Edward Goderich Greeves (16 December 1878 – 11 August 1935) was an Australian rules footballer who played with Geelong in the Victorian Football League (VFL).

Early years
Greeves, the son of Edward Goderich and Julia Anderson, was born in Skipton, Victoria on 16 December 1878.

He was a noted sportsman at Geelong College, which he joined in 1890, captain of the football team and winner of the College Cup in 1897.

VFL career
Greeves debuted for Geelong in the 1897 VFL finals series, a round-robin competition between the league's top four ranked sides. Geelong, which had lost their first fixture to Essendon, called up the 18-year-old Geelong College captain for their second game of the series, against Melbourne at Brunswick Street Oval. Playing as a backman, Greeves was reported to have done well in his role, with the Geelong side securing a nine-point win to remain in the race for the premiership.
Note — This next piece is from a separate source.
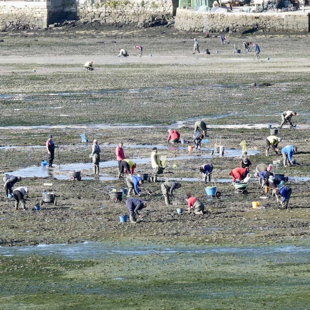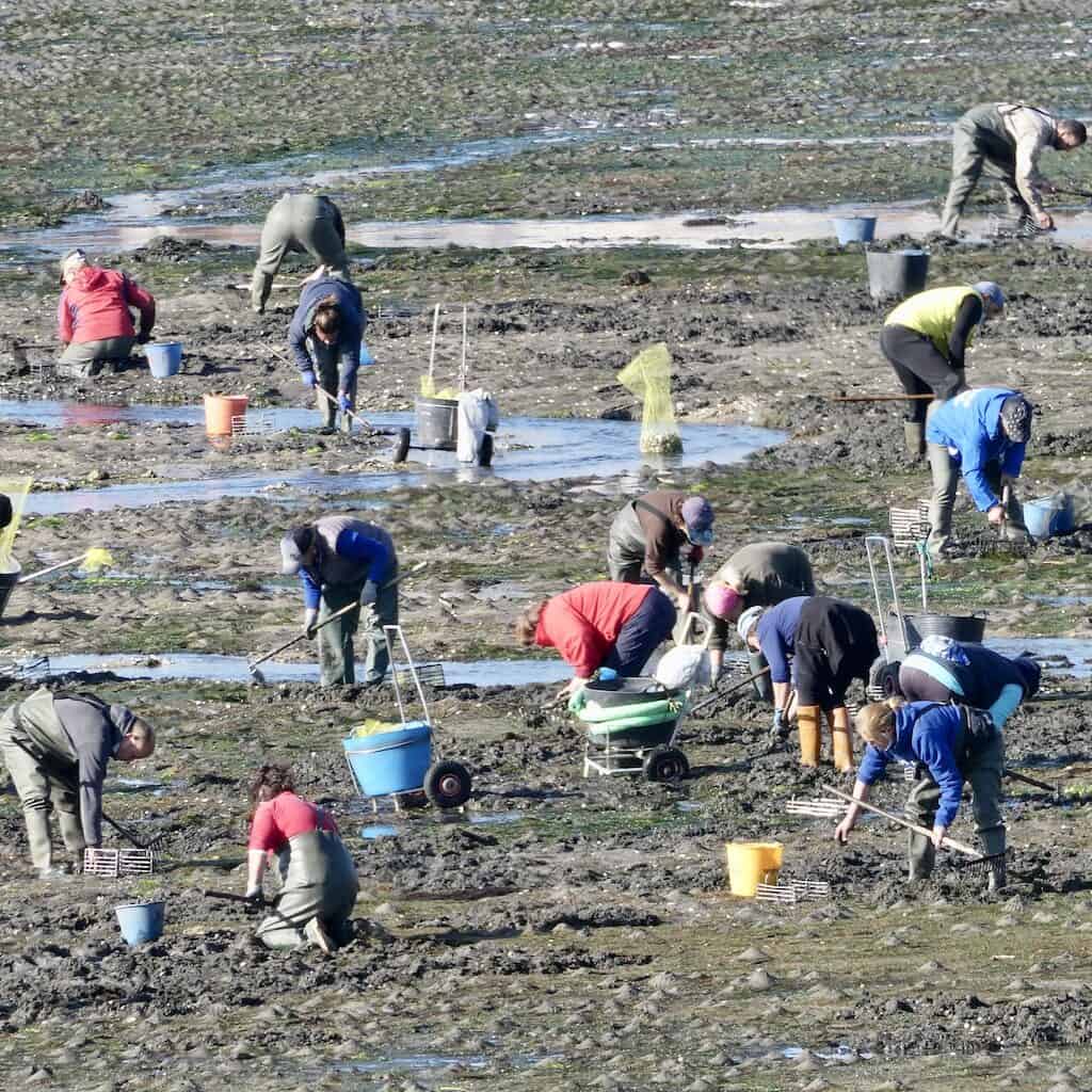 Nach etwa 2 Kilometern tauchen sie im Watt wieder auf. Scharen von Leuten, die im Schlick buddeln.

He kept his spot in the team for the third and final round of the series, in which Geelong defeated Collingwood at East Melbourne, a win that was only enough to secure the runners-up position for Geelong, as Essendon had remained unbeaten.

In the 1898 season, Greeves got his first opportunity in round five against Fitzroy and was described by the Geelong Advertiser as having played a "dashing game" as a rover, but he wouldn't reappear for two months. He played three games for Geelong late in the season, best on ground in a win over Melbourne, which he played as a centreman.

With his Geelong College commitments over, Greeves was a regular in the Geelong team in 1899, his final season. He made a total of 14 appearances, the last a record win over St Kilda, by 162 points to 1.

Later life
Greeves married Frances Adaline Nasmith on 28 January 1903, at Scots Church, Collins Street, Melbourne. The couple lived in Warragul.

Their eldest son, Edward Jr, was born later that year. He won the inaugural Brownlow Medal in 1924.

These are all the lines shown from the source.